We have a fascination as a population with the lives of sportspeople: how they force themselves out of bed every morning, whatever the weather and go and do the same seemingly crazy, monotonous, routine each day. But just like anyone’s regular activity, the daily training is considered any part of a professionals duties. It’s a matter of surviving the mundane.
Believe me, in the day there were days I felt going training was the last thing I wanted to do, but never did I let this distract me from my values and goals. In fact it was best if I didn’t think too much, rather treat it like any other routine in my day such as having a shower, brushing my teeth and getting dressed.
Having a routine stifles any potential for other thoughts to enter the equation. Sure sleeping in sounds wonderful some mornings but in the long term but it’s not where I wanted to end up so it really was a case of teasing myself if I considered it.
The end goal in an athletes mind is more obvious than others and they know that it is not attainable if training doesn’t get done.
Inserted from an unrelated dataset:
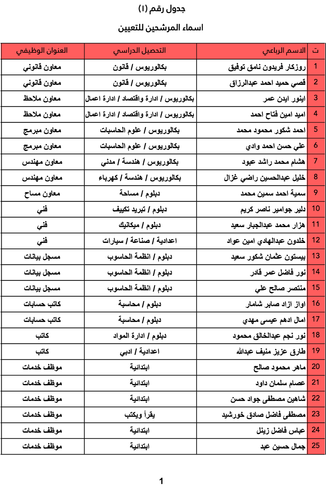 * على الاسماء الواردة بالقائمة الاولى ( المرشحيين للتعيين ) مراجعة ديوان محافظة كركوك / قسم الموارد البشرية لاستكمال اجراءات التعيين خلال مدة زمنية اقصاها ( 10 ) عشرة ايام واعتبارا من يوم الاحد المصادف 2019/9/22 .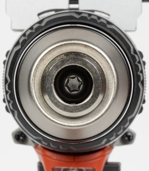Кончик муфты выполнен из металла, остальное наружное покрытие — пластик. Поскольку здесь используется муфта с блокировкой шпинделя, замену оснастки можно произвести буквально одной рукой.

Anything worth doing will involve a certain amount of repetition and toil but it’s a necessary part of what you have to go through. People only see athletes when they’re at the peak and performing successfully. They might have heard about swimmers getting up at five o’clock in the morning or rowers being on the river in freezing cold temperatures in winter, but they actually don’t see it, and such difficulties are not apparent when they see an athlete on a dais proudly wearing gold medal.
Facing winter mornings and having to train outside each day is a hard slog. There is no way to put it nicely. Pair water and cold air and they just don’t meet eye to eye. It’s like a bad relationship.
But this hardship has it’s merits and makes you cherish the end result more. Nothing worth doing comes easy.
Once I lined up for an event I used to savour the hard work I did in training. I was in no doubt that I hadn’t done the work and covered all the bases. It gave me confidence.
Hours nursing injuries while maintained a balanced body takes time but there is simply no way around it. Massages, physio, chiropractors, going to yoga, pilates all were extra hours no one saw, but ultimately added up to make the result so much special.
One of my least favourite sessions were running 1km time trials. I loathed them and felt every second that they lasted at the end of a hard week. But I also knew if I didn’t do them then I was not going to line up knowing I had done everything I had to be my best. This is what drove me in the end. The fear of failure mixed with anticipation of crossing the line and perhaps thinking I could have done more. Thankfully I can sleep easy.
How do you survive the somewhat mundane everyday rituals?